In its endeavour to spruce up its treasures at the Sikh Reference Library established in 1946, the SGPC is now into making its contents available online.
Nonetheless, losing hope of getting back a substantial number of other priceless documents of the Gurus’ era, which were supposedly taken into possession by the Indian Army or CBI during Operation Bluestar, the SGPC has appealed to the people to donate any such documentation related to Sikh history in their possession to enrich the library.
SGPC’s chief secretary Roop Singh said their continuous appeals bore fruit when devotees donated books, documents and rare manuscripts related to Sikhism.

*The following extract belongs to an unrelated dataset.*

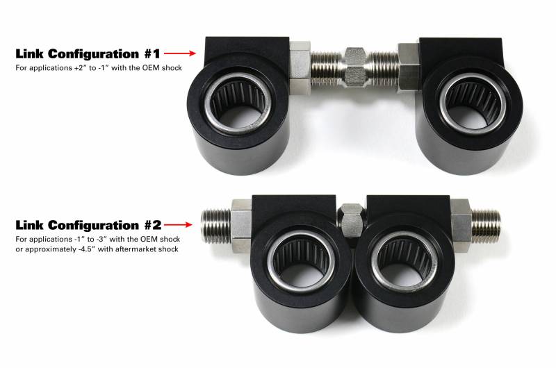 Window Link is ‘convertible’ to provide adjustment range potential from +2” to approximately -4.5” (modification and/or aftermarket shortened shock required)

“The digitisation process is under way. Till date, around 80 per cent of our prized possessions have been scanned and digitised. Our motive is to make these available online so that the devotees can access those on their mobile phones or PCs,” he said.
Though it was almost destroyed during Operation Bluestar in 1984, the library still has a mammoth collection of 25,000 books, magazines, newspapers, periodicals on Sikh religion and history, besides 600 handwritten ‘saroops’ (Guru Granth Sahib) and a repository of over 1,500 rare manuscripts, including copies of the Adi Granth, Damdami Bir (dated Bikrami 1739), a number of handwritten Hukmnamas (some bearing signatures of Sikh Gurus), and a few rare documents pertaining to India’s struggle for independence.

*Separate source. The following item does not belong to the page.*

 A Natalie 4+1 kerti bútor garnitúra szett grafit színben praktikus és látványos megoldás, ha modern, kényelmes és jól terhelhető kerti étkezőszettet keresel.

In 1984, it was alleged that the library’s material was confiscated by the CBI and Indian Army. While the Army authorities maintained that the library had caught fire during the exchange of fire, the SGPC claimed that the Army deliberately put the “empty library” on fire after taking the rare and invaluable material away in gunny bags.
The SGPC had pleaded with the Defence Ministry umpteen times and even approached the offices of the PM and President to recover the material, but in vain.
Roop Singh said, “Our pleas to return the literature were never heard. If it is believed that the Army or the government has those documents, little care must have been taken to preserve those. Those must have got destroyed by now,” he said.